Perfect Way might have been the hidden gem if its more conventional structure and big chorus hadn’t got it the nod for the fifth single. It’s still full of surprises, such as an elegant twist into the main hook and a neat reverse of the beat in the break. There’s even a piano solo that quotes the Mario Bros theme. It was an unexpected hit in America reaching number five. Miles Davis was impressed enough to record a cover for Tutu. Lover To Fall is the most ebullient and most Marxist with a breathtaking chorus. “There’s gonna be a day when the rich get theirs,” Gartside sings. Again, he plays with words inspired by philosopher Jacques Derrida, who already had a song named after him on Songs To Remember. How many songs use the words “hermeneutic” and “paradigm” in an effort to win someone’s heart? According to Derrida’s theory of deconstruction, words only have meaning by contrasting with other words. Meaning becomes fluid or not present at all. To be effective, deconstruction needs to create something new, not to synthesise concepts in opposition, but to mark their difference and eternal interplay. This attitude informed their whole way of working.
The first half of the eighties saw dramatic, rapid improvements in electronic musical equipment. Kraftwerk first used sequencers on Trans Europe Express in 1977, but 1981’s Computer World seem to beat with a human heart. The Human League’s Dare and Soft Cell’s Non-Stop Erotic Cabaret revel in the cheaper, more accessible synthesisers to achieve unexpected chart success. Japan used sequencers and synthesisers to shape their conventional instruments into the Far East atmospherics of Tin Drum. The Associates conjured up dazzling art rock on Sulk, deploying a range of kit in highly experimental ways. Peter Gabriel was the first in the UK to obtain a Fairlight CMI, using it extensively on Peter Gabriel 4. JJ Jeczalik crops up programming one for Trevor Horn’s blend of pop and Hollywood glamour for ABC’s Lexicon Of Love. Simple Minds adapted their dance electronica into a dreamy stadium rock for New Gold Dream (81-82-83-84). New Order went in the other direction, using electronic instruments to create a dance rock hybrid on Low Life. All of these albums sound fantastic, really lovely in the ear, including Sulk’s deliberate dissonance. However, Cupid & Psyche 85 set a whole new paradigm.

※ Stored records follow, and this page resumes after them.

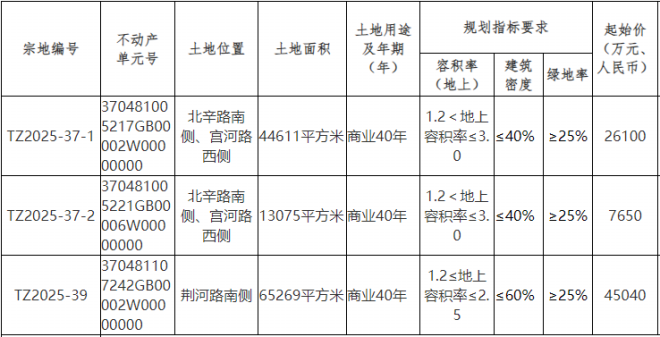 TZ2025-39號宗地,位于荊河路南側。土地面積65269平方米,土地用途及年期為商業40年。規劃指標要求:1.2≤地上容積率≤2.5,建筑密度≤60%,綠地率≥25%。起始價45040萬元。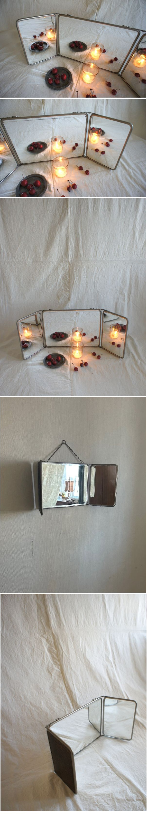 古い三面鏡バーバーミラーで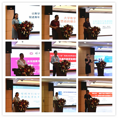 会议专题报告阶段,合肥工业大学朱士信教授以《大学数学虚拟教研室建设的思考与探索》为题、吉林大学李辉来教授以《数学基础课思政建设》为题、哈尔滨工业大学(威海)姜薇教授以《贺信精神引领下的微积分课程教学改革与实践》为题、北京航空航天大学孙玉泉教授以《基于知识图谱的数字化智慧课程建设与应用—以工科数学分析课程为例》为题、电子科技大学李厚彪教授以《新工科背景下的大学数学公共课建设》为题、北方民族大学高义教授以《关于数学一流团队建设的一些思考—以北方民族大学为例》为题、北京航空航天大学陈肖宇教授以《北航线性代数课程电子教材和习题库建设的实践与探索》为题、深圳大学韩雨教授以《数学+”应用型数学类本科专业人才培养模式探索—以深圳大学为例》为题、中国地质大学耿凤杰教授以《以教学竞赛为抓手,促进青年教师快速成长》为题、beats365官网入口都琳教授以《大学数学区域教学联合体构建机制的探索与实践》为题分别做专题报告。
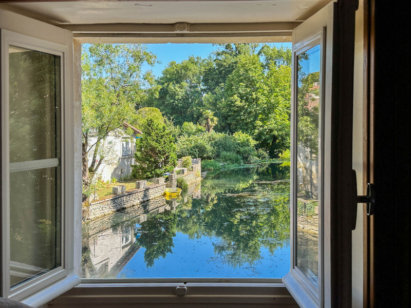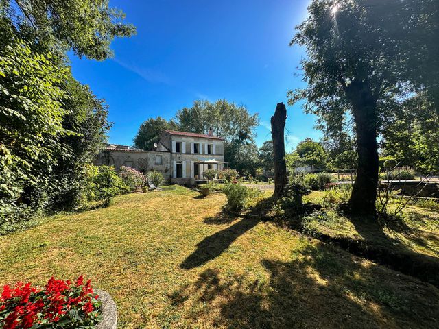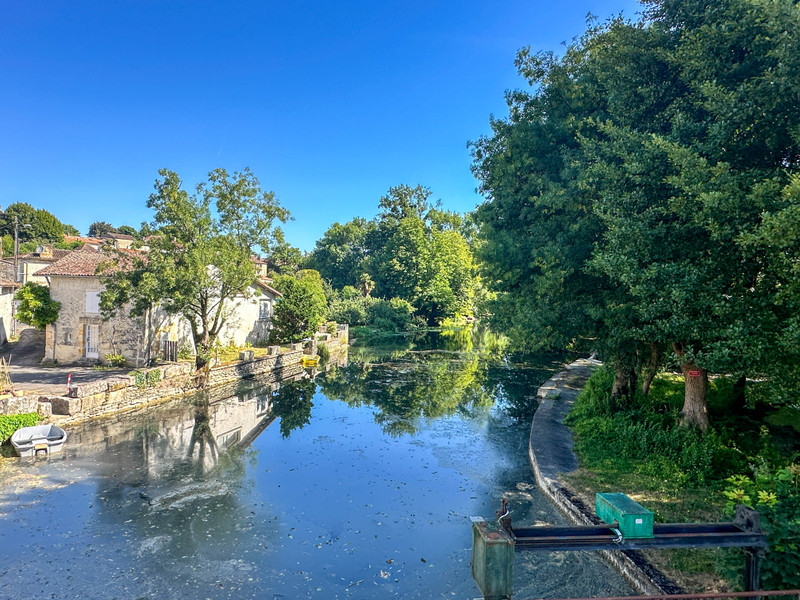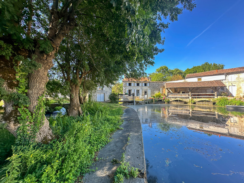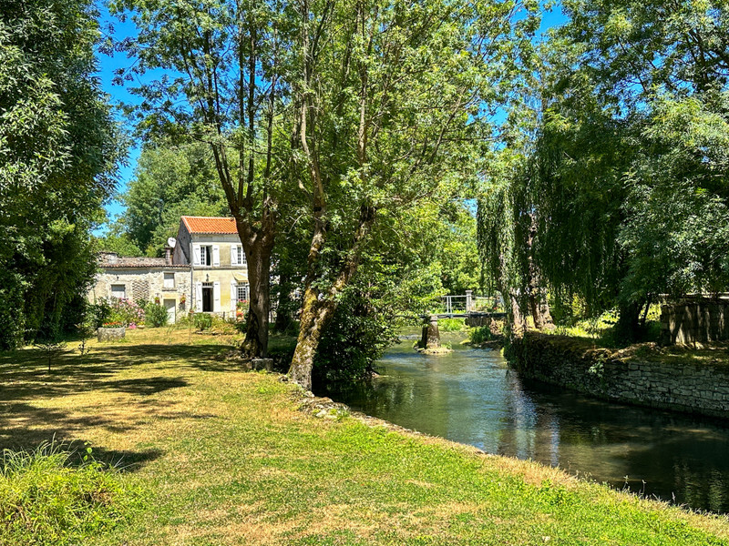 Set on the outskirts of the bustling town of Cognac , renowned for the spirit and annual blues music festival , this is a fully restored 18th century mill house set on a branch of the Charente river with exceptional views from each side of the property .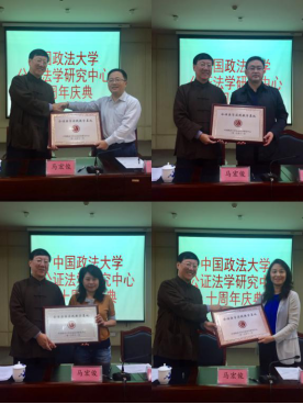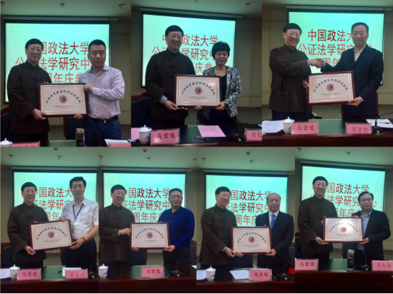 会上马宏俊主任、周志扬主任和朱绵茂副院长一起为昆明市明信公证处段伟主任、四川省律政公证处李勇主任、北京市中信公证处王明亮主任三位研究员颁发了优秀研究员证书,肯定了他们三位主任长期以来对中心工作给予的帮助和无私的支持。从2017年开始中心将着力于建立公证法学课程毕业的研究生与各地公证处之间的实践基地平台,为有意向从事公证工作的研究生推荐去各地公证处实习就业的机会,也为各地公证机构推荐更多的优秀法学研究生。感谢第一批支持这项工作的各公证处:北京市方圆公证处、北京市东方公证处、河北省燕赵公证处、山东省齐鲁公证处、陕西省汉唐公证处、四川省律政公证处、昆明市明信公证处,哈尔滨市哈尔滨公证处、南京市南京公证处、安徽省六安皋翔公证处、山东威海威海卫公证处,也希望有更多的公证处加入到我们这样一个双向选择的实习就业平台来,让公证队伍的后继人才越来越优秀,让公证队伍越来越壮大,让公证的明天充满朝气!

Gamson was born to make this album. His father was both an early adopter of synths and an assistant to Leonard Bernstein, but his real inspirator was Leon Sylvers, producer of Shalamar, The Whispers and Tavares. Sylvers described his process by saying, “My ideal is to have the whole record sing, to work on the music tracks so they take on the same character as the vocals.” On Cupid & Psyche 85, Gamson got closer to that ideal than anyone, meshing the hooks, beats, synth riffs, programmed asides and guitar figures together like cogs inside “a Swiss watch,” as he put it. He also had studied Bach’s mastery of counterpoint, which could be seen as the musical equivalent to Derrida’s deconstruction of language. No wonder he and Gartside found they had so much in common, their ideas, philosophy and approach to creativity complementing each other. Scritti Politti is often seen as a vehicle for Green Gartside but Cupid & Psyche 85 is a genuine team effort.
Deconstruction, counterpoint, exemplary musicians, state of the art technology, sharp songwriting and composition, ethereal singing and sumptuous production all combine to yield a one off event, a rare opening up of new horizons. It is an album that is so definitively eighties yet totally transcends its time, completely dominated by machines but sounds so human. They tried to repeat its success on Provision but couldn’t recapture its magic; Gartside’s fragile voice, the only remaining touch of humanity, oppressed by the power of the machines. Maher befriended Robert Quine and ended up touring with Lou Reed and producing New York for him. He also produced Matthew Sweet’s Girlfriend and Lloyd Cole’s solo debut. Gamson produced and wrote songs for a host of artists, including Chaka Khan, George Benson, Luther Vandross, Kesha, Charli XCX, but his most significant work was with Meshell Ndegeocello on her first three albums, Peace Beyond Passion remaining her best seller. Gartside retired from the music business for most of the nineties, returning to release artistically valuable but commercially unsuccessful material at his own pace and on his own terms. He can look back on a career involving collaborations with Miles Davis, Chaka Khan, Eurythmics, Elvis Costello, Shabba Ranks, Mos Def, Meshell Ndegeocello, Kylie Minogue, Robyn Hitchcock, Manic Street Preachers, Tracey Thorn, and Robert Wyatt.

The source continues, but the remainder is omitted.